● Brief: Copy the listing exactly; drop the pictures.

● Available data:
★ ★ ★
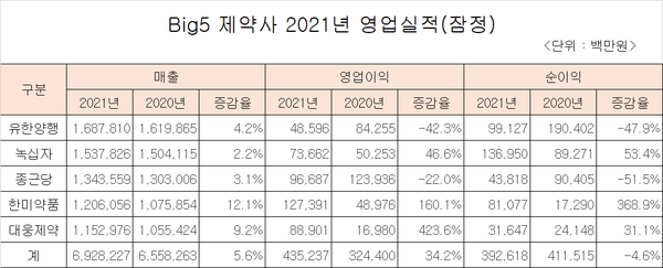히트뉴스가 매출 Big5 제약사(유한양행, 녹십자, 종근당, 한미약품, 대웅제약)의 2021년 영업실적을 잠정 집계한 결과, 전년대비 매출은 평균 5.6% 증가하고, 영업이익은 34.2% 늘어났지만, 순이익은 4.6% 줄어들었다.
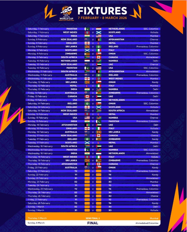 १३ माघ, काठमाडौं । आईसीसी पुरुष टी-२० विश्वकप २०२६ फेब्रुअरी ७ (माघ २४ गते) देखि सुरु हुँदैछ । सन् २००७ मा भारतबाट सुरु भएको टी-२० विश्वकपको यो १०औं संस्करण हो र टी-२० विश्वकप फेरि एक पटक दक्षिण एसियामा हुँदैछ ।
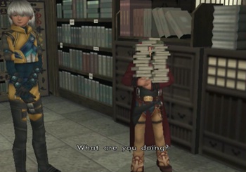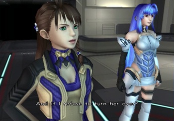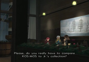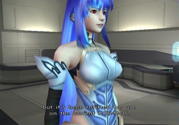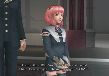 Shion is more interested in KOS-MOS’s new toy than the destruction of the entire human race.
★ ★ ★
● Solution for this task:
히트뉴스가 매출 Big5 제약사(유한양행, 녹십자, 종근당, 한미약품, 대웅제약)의 2021년 영업실적을 잠정 집계한 결과, 전년대비 매출은 평균 5.6% 증가하고, 영업이익은 34.2% 늘어났지만, 순이익은 4.6% 줄어들었다.
 १३ माघ, काठमाडौं । आईसीसी पुरुष टी-२० विश्वकप २०२६ फेब्रुअरी ७ (माघ २४ गते) देखि सुरु हुँदैछ । सन् २००७ मा भारतबाट सुरु भएको टी-२० विश्वकपको यो १०औं संस्करण हो र टी-२० विश्वकप फेरि एक पटक दक्षिण एसियामा हुँदैछ ।
 Shion is more interested in KOS-MOS’s new toy than the destruction of the entire human race.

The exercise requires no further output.